### [Assigned task]
Please give back each line of the material unchanged, but without the images.

### [Data below]
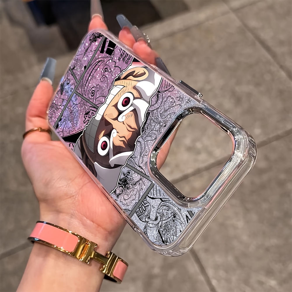 Anime One Piece Luffy Gear 5 Design Phone Case Compatible with for iPhone 17 16e 16 15 14 13 12 11 Pro Max Air X XR XSMAX 8 7 Plus, Metal Silvery Lens Frame with Transparent Soft Back Cover
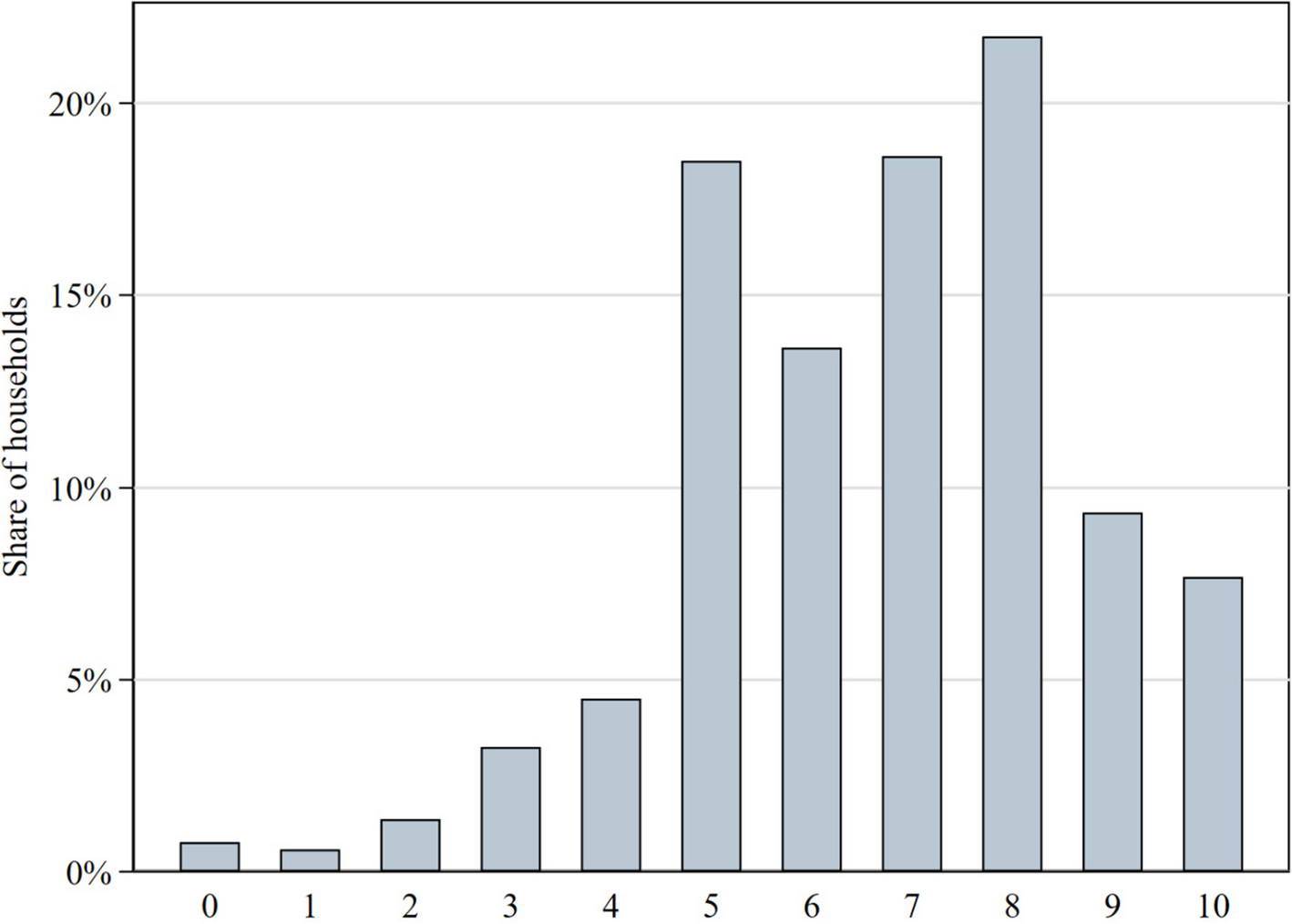 Life satisfaction (LS) – a widely used measure of self-assessed subjective well-being (SWB) (Clark, 2016) – is captured by the question: “On a scale from 0 to 10, how satisfied are you overall with your life?” Each reference person in the household was asked to respond using an 11-point scale, where ‘0’ indicates complete dissatisfaction and ‘10’ indicates complete satisfaction. Similar life satisfaction questions are used in numerous other surveys (e.g., the British Household Panel Survey, the German Socio-Economic Panel, the World Values Survey), and are widely considered valid and reliable indicators of evaluative well-being (see, e.g., Clark, 2018).
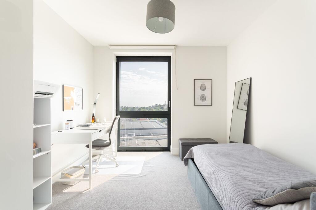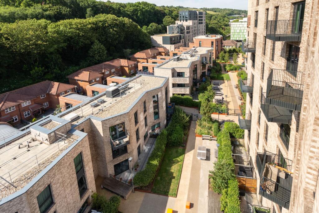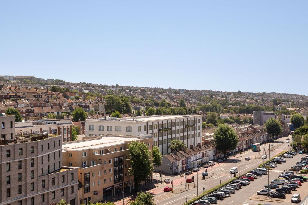 Set high above the city on the eighth floor of a contemporary development just off Lewes Road, this beautifully finished two-bedroom apartment offers calm, light-filled living with panoramic views stretching out towards the sea.

### [Written reply]
 Anime One Piece Luffy Gear 5 Design Phone Case Compatible with for iPhone 17 16e 16 15 14 13 12 11 Pro Max Air X XR XSMAX 8 7 Plus, Metal Silvery Lens Frame with Transparent Soft Back Cover
 Life satisfaction (LS) – a widely used measure of self-assessed subjective well-being (SWB) (Clark, 2016) – is captured by the question: “On a scale from 0 to 10, how satisfied are you overall with your life?” Each reference person in the household was asked to respond using an 11-point scale, where ‘0’ indicates complete dissatisfaction and ‘10’ indicates complete satisfaction. Similar life satisfaction questions are used in numerous other surveys (e.g., the British Household Panel Survey, the German Socio-Economic Panel, the World Values Survey), and are widely considered valid and reliable indicators of evaluative well-being (see, e.g., Clark, 2018).
 Set high above the city on the eighth floor of a contemporary development just off Lewes Road, this beautifully finished two-bedroom apartment offers calm, light-filled living with panoramic views stretching out towards the sea.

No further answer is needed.